To do: Please find the lines in the following records that hold "after", and copy them.
------------------------------------------------
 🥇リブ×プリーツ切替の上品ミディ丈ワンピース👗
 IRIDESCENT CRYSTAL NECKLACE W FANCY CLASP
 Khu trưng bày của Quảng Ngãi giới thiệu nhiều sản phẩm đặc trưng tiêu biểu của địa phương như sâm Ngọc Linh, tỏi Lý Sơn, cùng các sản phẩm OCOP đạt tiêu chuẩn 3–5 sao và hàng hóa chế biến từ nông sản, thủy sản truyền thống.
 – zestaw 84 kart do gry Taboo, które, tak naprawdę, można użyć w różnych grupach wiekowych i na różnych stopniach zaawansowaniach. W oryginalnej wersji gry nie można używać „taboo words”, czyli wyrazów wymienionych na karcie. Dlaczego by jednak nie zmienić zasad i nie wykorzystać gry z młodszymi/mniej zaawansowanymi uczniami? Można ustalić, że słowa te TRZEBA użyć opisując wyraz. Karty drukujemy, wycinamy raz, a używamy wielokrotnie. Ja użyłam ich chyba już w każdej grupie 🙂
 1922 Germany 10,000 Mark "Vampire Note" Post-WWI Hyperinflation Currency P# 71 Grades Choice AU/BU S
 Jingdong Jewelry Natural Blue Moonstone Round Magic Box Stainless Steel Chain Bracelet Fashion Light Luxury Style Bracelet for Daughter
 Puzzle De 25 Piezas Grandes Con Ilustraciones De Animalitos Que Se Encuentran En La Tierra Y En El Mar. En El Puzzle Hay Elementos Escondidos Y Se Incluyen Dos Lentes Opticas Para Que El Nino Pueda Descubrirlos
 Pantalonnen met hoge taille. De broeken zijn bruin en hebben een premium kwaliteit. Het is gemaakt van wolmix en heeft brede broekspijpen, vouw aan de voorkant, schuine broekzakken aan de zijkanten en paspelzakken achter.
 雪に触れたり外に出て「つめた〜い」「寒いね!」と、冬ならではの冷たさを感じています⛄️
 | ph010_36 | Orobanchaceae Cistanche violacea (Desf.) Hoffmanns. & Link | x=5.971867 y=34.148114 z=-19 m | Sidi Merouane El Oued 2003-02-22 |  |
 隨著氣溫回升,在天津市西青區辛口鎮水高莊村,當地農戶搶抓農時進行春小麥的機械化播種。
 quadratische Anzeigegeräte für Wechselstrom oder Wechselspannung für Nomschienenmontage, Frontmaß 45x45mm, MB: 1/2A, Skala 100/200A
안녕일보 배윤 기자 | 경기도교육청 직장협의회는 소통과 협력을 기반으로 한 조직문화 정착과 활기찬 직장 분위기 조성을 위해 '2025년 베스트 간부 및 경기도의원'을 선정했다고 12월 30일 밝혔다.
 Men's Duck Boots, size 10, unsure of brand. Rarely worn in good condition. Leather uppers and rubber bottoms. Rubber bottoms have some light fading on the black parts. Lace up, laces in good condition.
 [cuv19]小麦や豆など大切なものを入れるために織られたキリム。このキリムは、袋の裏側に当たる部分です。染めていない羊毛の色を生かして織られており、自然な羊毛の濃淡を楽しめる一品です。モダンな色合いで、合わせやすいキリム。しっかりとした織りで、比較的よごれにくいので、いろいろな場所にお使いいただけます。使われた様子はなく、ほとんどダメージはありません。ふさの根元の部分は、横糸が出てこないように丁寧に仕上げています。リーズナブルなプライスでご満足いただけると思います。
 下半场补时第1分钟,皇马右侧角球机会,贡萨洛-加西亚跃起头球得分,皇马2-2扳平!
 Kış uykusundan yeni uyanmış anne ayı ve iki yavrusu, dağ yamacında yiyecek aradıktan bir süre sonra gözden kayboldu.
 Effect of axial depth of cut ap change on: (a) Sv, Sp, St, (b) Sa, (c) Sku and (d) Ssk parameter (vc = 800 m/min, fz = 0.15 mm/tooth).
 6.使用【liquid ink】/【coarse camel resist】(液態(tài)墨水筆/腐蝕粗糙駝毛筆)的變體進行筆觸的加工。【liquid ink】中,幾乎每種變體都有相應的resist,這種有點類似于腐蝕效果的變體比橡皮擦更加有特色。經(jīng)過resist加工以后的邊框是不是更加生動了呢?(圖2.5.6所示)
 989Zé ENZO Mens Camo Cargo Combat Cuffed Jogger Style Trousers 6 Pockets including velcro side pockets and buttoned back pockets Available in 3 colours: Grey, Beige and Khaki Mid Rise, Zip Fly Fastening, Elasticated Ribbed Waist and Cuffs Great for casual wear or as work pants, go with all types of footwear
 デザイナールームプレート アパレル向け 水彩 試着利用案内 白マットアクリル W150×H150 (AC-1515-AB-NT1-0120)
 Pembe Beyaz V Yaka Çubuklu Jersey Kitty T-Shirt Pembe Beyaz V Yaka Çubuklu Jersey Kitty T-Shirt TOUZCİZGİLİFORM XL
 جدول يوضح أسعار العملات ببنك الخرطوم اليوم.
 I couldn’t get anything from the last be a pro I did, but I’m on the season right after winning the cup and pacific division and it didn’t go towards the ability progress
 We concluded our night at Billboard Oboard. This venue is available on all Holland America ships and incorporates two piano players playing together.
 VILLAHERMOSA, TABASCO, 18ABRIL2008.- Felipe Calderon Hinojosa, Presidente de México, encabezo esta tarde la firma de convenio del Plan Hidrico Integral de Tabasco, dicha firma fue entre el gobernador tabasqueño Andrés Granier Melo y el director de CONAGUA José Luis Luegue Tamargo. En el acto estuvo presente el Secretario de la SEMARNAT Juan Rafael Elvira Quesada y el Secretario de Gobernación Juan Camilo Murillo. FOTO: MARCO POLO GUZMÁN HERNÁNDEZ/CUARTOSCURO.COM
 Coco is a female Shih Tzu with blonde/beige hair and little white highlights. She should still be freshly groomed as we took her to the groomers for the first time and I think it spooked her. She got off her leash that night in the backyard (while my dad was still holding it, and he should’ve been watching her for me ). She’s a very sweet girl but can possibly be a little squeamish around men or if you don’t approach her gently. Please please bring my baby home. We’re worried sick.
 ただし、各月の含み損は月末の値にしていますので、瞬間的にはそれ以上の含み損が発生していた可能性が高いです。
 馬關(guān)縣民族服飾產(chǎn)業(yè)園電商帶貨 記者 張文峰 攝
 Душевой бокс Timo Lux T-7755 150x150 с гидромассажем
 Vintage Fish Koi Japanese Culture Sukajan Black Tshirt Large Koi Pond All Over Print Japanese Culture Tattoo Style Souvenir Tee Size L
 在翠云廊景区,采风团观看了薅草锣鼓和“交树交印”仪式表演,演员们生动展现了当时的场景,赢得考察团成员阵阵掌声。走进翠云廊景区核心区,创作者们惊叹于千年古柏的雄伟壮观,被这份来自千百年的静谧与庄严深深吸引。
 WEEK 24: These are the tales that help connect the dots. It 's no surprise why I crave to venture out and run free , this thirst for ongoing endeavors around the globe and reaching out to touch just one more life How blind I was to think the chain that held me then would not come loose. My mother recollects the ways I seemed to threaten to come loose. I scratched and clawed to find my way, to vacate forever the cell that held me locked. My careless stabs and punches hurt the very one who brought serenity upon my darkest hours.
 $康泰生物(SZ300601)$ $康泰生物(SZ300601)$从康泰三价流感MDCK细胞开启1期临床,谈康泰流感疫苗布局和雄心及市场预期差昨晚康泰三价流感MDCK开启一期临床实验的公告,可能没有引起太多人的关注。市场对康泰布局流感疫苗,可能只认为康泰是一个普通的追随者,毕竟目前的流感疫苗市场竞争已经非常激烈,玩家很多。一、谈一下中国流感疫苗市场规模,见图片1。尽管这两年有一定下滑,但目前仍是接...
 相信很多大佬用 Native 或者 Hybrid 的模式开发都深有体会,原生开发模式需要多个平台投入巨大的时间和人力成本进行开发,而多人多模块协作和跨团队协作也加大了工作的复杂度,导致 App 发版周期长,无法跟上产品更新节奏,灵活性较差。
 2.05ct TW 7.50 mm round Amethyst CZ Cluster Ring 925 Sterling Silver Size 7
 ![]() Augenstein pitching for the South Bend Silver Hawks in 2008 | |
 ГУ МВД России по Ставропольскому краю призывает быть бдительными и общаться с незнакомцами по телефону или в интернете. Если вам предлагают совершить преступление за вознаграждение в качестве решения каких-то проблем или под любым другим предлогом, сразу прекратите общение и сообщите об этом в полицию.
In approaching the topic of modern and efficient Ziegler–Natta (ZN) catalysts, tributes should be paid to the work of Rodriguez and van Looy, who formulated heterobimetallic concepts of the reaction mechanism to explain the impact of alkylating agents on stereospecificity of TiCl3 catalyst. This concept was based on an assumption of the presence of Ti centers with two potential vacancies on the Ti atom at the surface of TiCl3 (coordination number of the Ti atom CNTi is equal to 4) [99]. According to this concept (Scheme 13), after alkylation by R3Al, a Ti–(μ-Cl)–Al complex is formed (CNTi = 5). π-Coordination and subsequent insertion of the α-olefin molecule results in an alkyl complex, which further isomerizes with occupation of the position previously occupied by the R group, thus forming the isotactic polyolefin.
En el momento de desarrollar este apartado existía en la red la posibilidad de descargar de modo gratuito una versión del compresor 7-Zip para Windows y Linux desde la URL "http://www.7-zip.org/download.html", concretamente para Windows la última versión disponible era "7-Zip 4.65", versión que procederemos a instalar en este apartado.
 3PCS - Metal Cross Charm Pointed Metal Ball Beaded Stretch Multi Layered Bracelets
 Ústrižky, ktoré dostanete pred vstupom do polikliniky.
------------------------------------------------
Solution to the exercise:
 I couldn’t get anything from the last be a pro I did, but I’m on the season right after winning the cup and pacific division and it didn’t go towards the ability progress
In approaching the topic of modern and efficient Ziegler–Natta (ZN) catalysts, tributes should be paid to the work of Rodriguez and van Looy, who formulated heterobimetallic concepts of the reaction mechanism to explain the impact of alkylating agents on stereospecificity of TiCl3 catalyst. This concept was based on an assumption of the presence of Ti centers with two potential vacancies on the Ti atom at the surface of TiCl3 (coordination number of the Ti atom CNTi is equal to 4) [99]. According to this concept (Scheme 13), after alkylation by R3Al, a Ti–(μ-Cl)–Al complex is formed (CNTi = 5). π-Coordination and subsequent insertion of the α-olefin molecule results in an alkyl complex, which further isomerizes with occupation of the position previously occupied by the R group, thus forming the isotactic polyolefin.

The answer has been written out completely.